Учительница подняла голову и улыбнулась. Она смотрела на старого человека, растерянно сидящего на стуле перед ней и только что узнавшего, что у него есть сын на далеком американском континенте.
Всю ночь шел дождь. Всю ночь Ноэ сидел на балконе своего дома, ошеломленный мыслью, которая посетила его. А что, если он является отцом многих американских сыновей и дочерей, неизвестных ему?
Он не помнил Шерли Энн Роуз, как не помнил имена других женщин, пациенток частной лечебницы – богатых бездетных американок, – где три летних сезона он работал лодочником.
Четверть века спустя «тайное оружие в борьбе с бездетностью» сидел ночью в рачинской деревне и гадал, сколько детей сотворил он на том далеком «острове любви».
Прошло несколько дней. Ноэ попалась на глаза фотография в газете, где советские и американские солдаты обнимались при встрече на Эльбе.
Он внимательно вглядывался в лица улыбающихся молодых американцев, топчущих плакат с нацистской свастикой. Похожих на себя он не увидел…
– У меня тоже есть сын! – сказала учительница английского языка.

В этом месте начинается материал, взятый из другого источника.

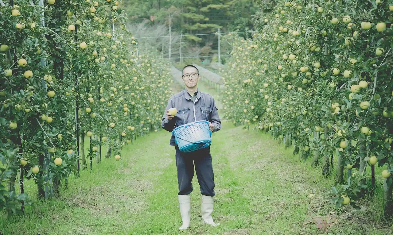 | ヨーロッパで主流の「新わい化栽培」を採用。木をコンパクトに育てることで光が隅々まで届き、果実に貯蔵養分をしっかり送ることで、大木で育ったりんごよりも味が濃くなるのが特徴です。木の高さも4m程度なので摘果や収穫作業が比較的楽に行えます。 | |||||||||||||||||

И Ноэ услышал грустную историю о том, как была изгнана из своего дома учительница английского языка по обвинению в измене мужу, воевавшему на фронте. Виной всему был ее школьный друг, который ослеп, подорвавшись на мине, и которого она приютила у себя.
Муж воевал на фронте, а она ухаживала, водила за руку постороннего мужчину, и родственники мужа не могли простить ей этого. Из уст в уста разносилась сплетня, что она поселила в своем доме любовника.
Вернулся муж, прошедший от Керчи до рейхстага в чине майора.
Ему доложили сплетню в первый же день приезда. И в тот же день он прогнал жену, до полусмерти избил слепого.
Школьный друг устроился в цех по изготовлению щеток, где работали одни слепые, а она уехала учительствовать в рачинскую деревню. Сына у нее отобрали. Фотография семилетнего мальчика висела над ее кроватью… Ноэ смотрел в красивые заплаканные глаза учительницы английского, у него кружилась голова, он не хотел признаваться себе в том, что безумно влюбился, старым-престарым, в эту молодую женщину.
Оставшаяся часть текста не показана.